EXERCISE DESCRIPTION
Where the line containing "وكتب الاتحاد الإفريقى" appears in the entries below, begin there and output every line through the last, exactly, minus the pictures.

DATASET EXCERPTS below:

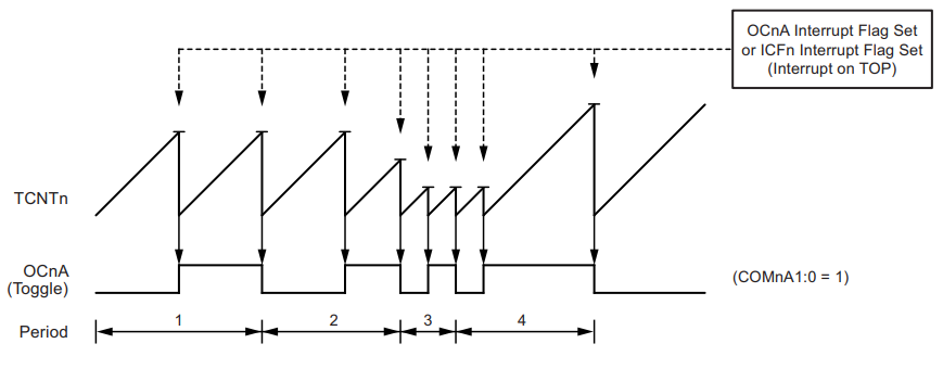 value written to OCR1A or ICR1 is lower than the current value of TCNT1, the counter will miss the compare match. The
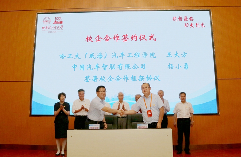 哈工大(威海)汽车工程学院院长王大方与中国汽车智联有限公司总经理杨小勇代表双方签署校企合作框架协议
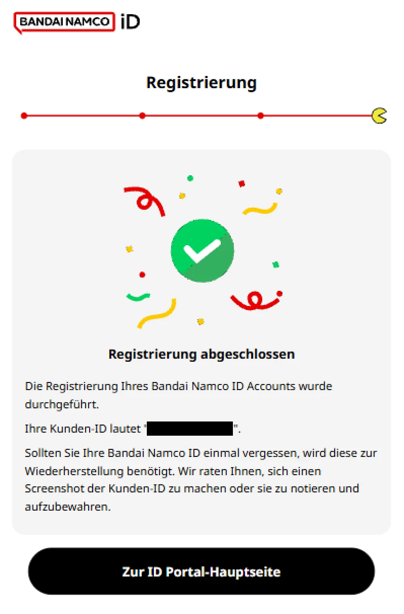 Herzlichen Glückwunsch, Sie haben jetzt eine Bandai Namco ID erstellt.
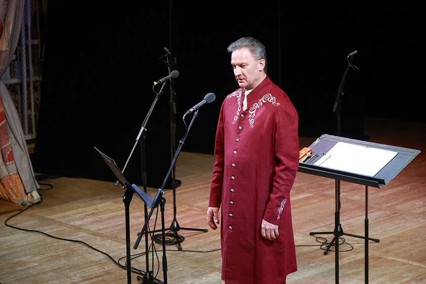 Так как первая часть концерта была посвящена рождественским песнопениям, то со зрителями в зале чтецы — Игорь Краснощеков и Георгий Сафонов — общались так, словно зритель находился не в филармонии, а в храме. Говорили о чуде Рождества, о значимости и величии появления Богомладенца, о том, что именно Рождество является главным семейным праздником, а не Новый год.
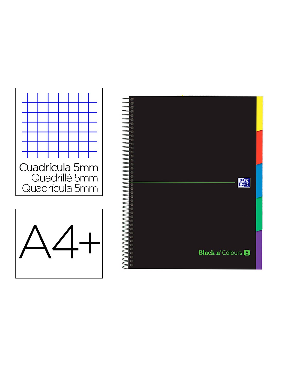 Cuaderno espiral oxford ebook 5 tapa extradura din a4+ 100 h con separadores cuadricula 5 mm black n colors verde
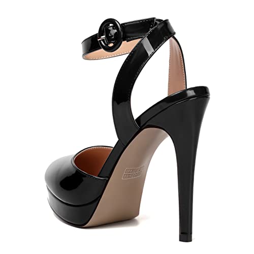 WAYDERNS Womens Ankle Strap Patent Fashion Party Slingback Platform Buckle Round Toe Stiletto High Heel Pumps Shoes 4.7 Inch 5
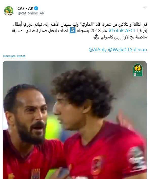 وكتب الاتحاد الإفريقى لكرة القدم "كاف" تغريدة على تويتر "في الثالثة والثلاثين من عمره، قاد "الحاوي" وليد سليمان الأهلي إلى نهائي دوري أبطال إفريقيا #TotalCAFCL عام 2018 بتسجيله 5 أهداف ليحتل صدارة هدافي المسابقة مناصفة مع لازاروس كامبولي"
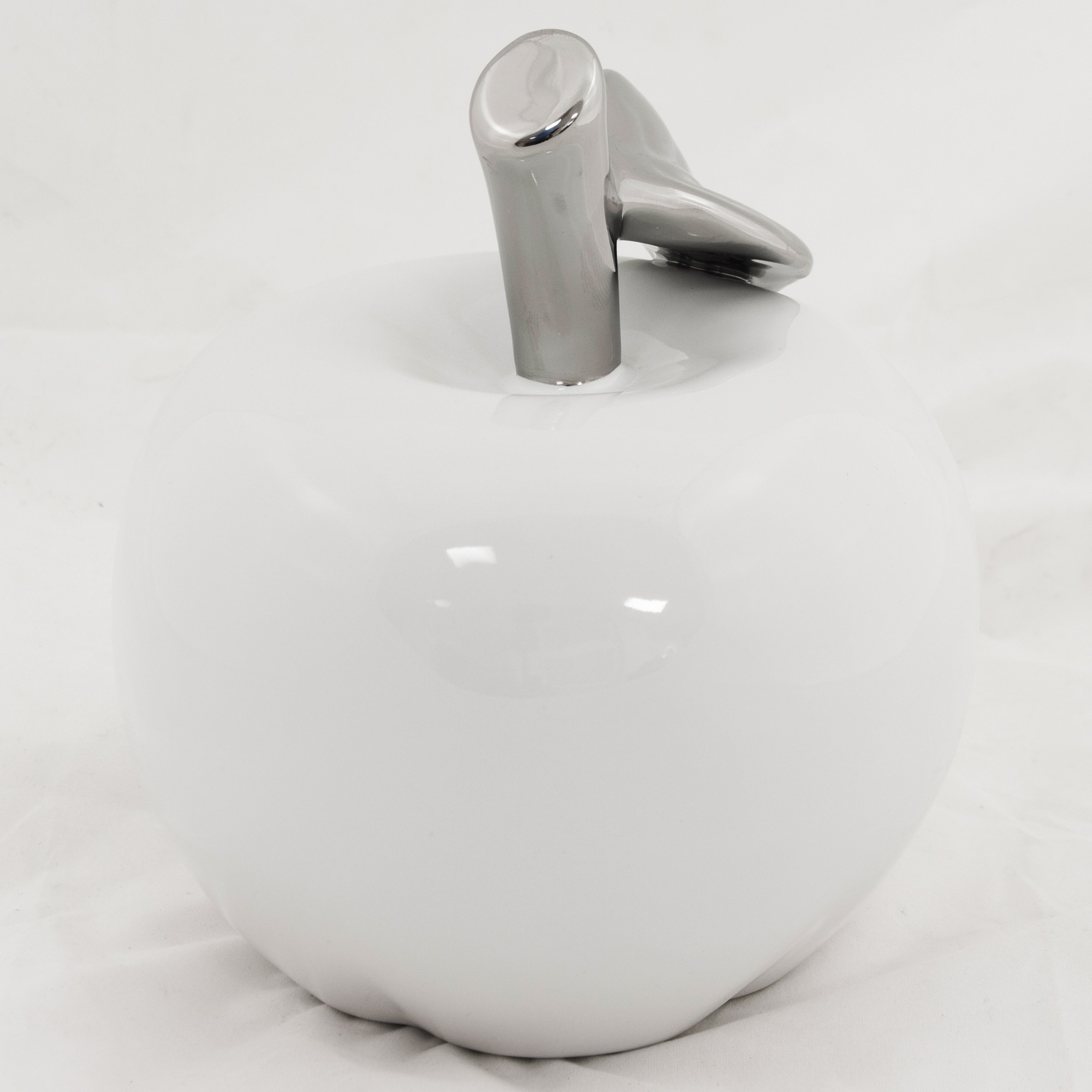 Białe ceramiczne jabłko dekoracyjne ze srebrnym listkiem to elegancki dodatek do Twojego wnętrza. Przyciąga wzrok swoim prostym, ale stylowym designem. Idealne na półkę, komodę lub stół. Jego wymiary to 11,5x10x10 cm.

End of DATASET EXCERPTS.

OUTPUT OF THE TASK
 وكتب الاتحاد الإفريقى لكرة القدم "كاف" تغريدة على تويتر "في الثالثة والثلاثين من عمره، قاد "الحاوي" وليد سليمان الأهلي إلى نهائي دوري أبطال إفريقيا #TotalCAFCL عام 2018 بتسجيله 5 أهداف ليحتل صدارة هدافي المسابقة مناصفة مع لازاروس كامبولي"
 Białe ceramiczne jabłko dekoracyjne ze srebrnym listkiem to elegancki dodatek do Twojego wnętrza. Przyciąga wzrok swoim prostym, ale stylowym designem. Idealne na półkę, komodę lub stół. Jego wymiary to 11,5x10x10 cm.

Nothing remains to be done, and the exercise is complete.